Selenoproteins in Nannopterum harrisi

Selenoproteins have been conserved through evolution, probably due to their unique physicochemical properties, making them an easy target to phylogenetic analysis. However, identification of these proteins in sequence databases is challenging mostly because of the recognition of selenocysteine UGA codons as this are normally understood as stop signals by sequence annotators.

In this project, we characterized selenoproteins of the proteome of Nannopterum harrisi by applying gene prediction and phylogenetic reconstruction methods and supplemented it with the analyses of SECIS elements as well as the presence of the selenocysteine aminoacid. Moreover, we have used Seblastian prediction of selenoproteins to check the reliability of our predicted proteins.

Overall, we correctly predicted 37 selenoproteins, such as Sel15, GPx2, GPx3, GPx4, GPx7, GPx8, DIO1, DIO2, DIO3, MsrA, SELENOH, SELENOI, SELENOK, SELENOM, SELENON, SELENOO (1), SELENOO (2), SELENOP (1), SELENOP (2), MSRB1, MSRB2, MSRB3, SELENOS, SELENOT, SELENOU(1), SELENOU(2), TXNRD1, TXNRD2, TXNRD3, as well as the following machinery: eEFsec, PSTK, SBP2, SECS, SEPHS, SECp43(1), SECp43(2)

This result is consistent with what has been in the literature, as we could identify almost all of the selenoproteins described in birds (we failed in identifying for example SelW) (26).

Jiang L, Ni J, Liu Q. Evolution of selenoproteins in the metazoan. BMC Genomics. 2012 Sep 3;13:446.

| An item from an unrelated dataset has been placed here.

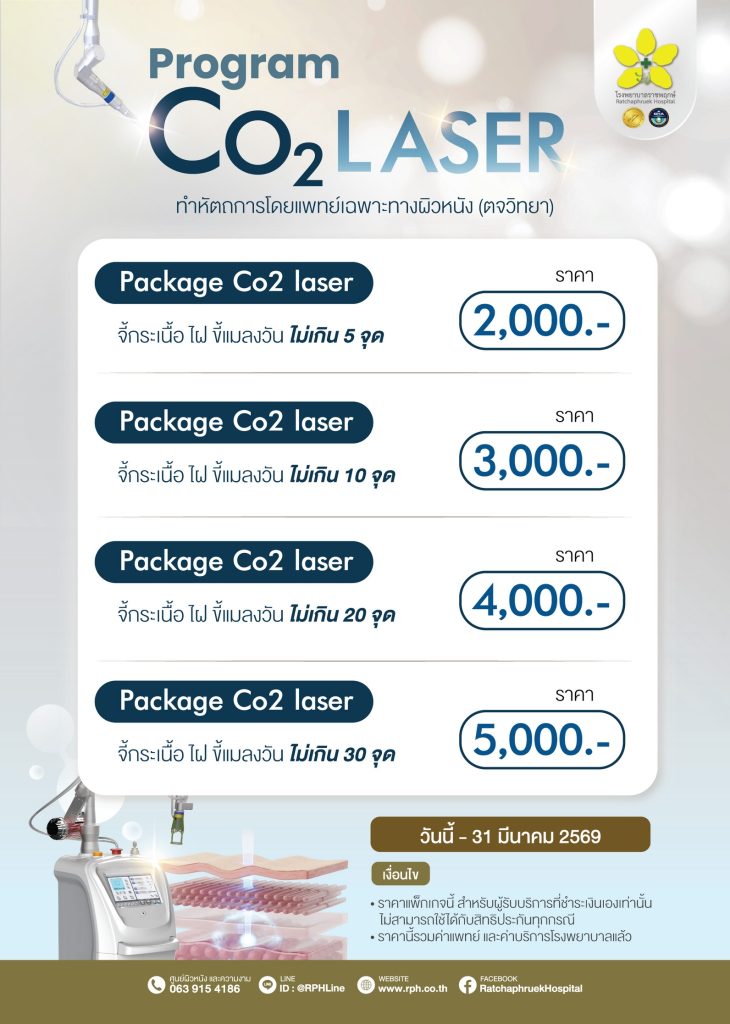 ศูนย์ผิวหนังและความงาม ให้บริการ โปรแกรมเลเซอร์คาร์บอนไดออกไซด์ CO2

Some selenoproteins were lost across vertebrates after the terrestrial environment colonization. This resulted in a loss of the selenocysteine residue, even though it is characteristic of all selenoproteins and consequently the conversion of Sec to Cys. In our project, we found some selenoproteins such as Gpx7, GPx8, MrsA, SELENOI, SELENOO(1), MSRB3, SELENOU(2) which had lost the selenocysteine residue. In some of this cases, the loss of cysteine was already reported in the literature. We also need to take into account the machinery proteins which don’t contain the selenocysteine residue, but play an important role in the formation and expression of the selenoproteins.

As selenocysteine residue is encoded as an stop codon, the insertion to peptide chains needs a specific mRNA structure called SECIS which recognizes the selenoprotein synthesis complex and allows the change of the stop codon to a selenocysteine. As SECIS elements are crucial to the insertion of selenocysteine residues, this structures are conserved amongst species, usually in 3’UTR in eukaryotes. In our predicted proteins, most of the selenoproteins contained SECIS elements in 3’UTR.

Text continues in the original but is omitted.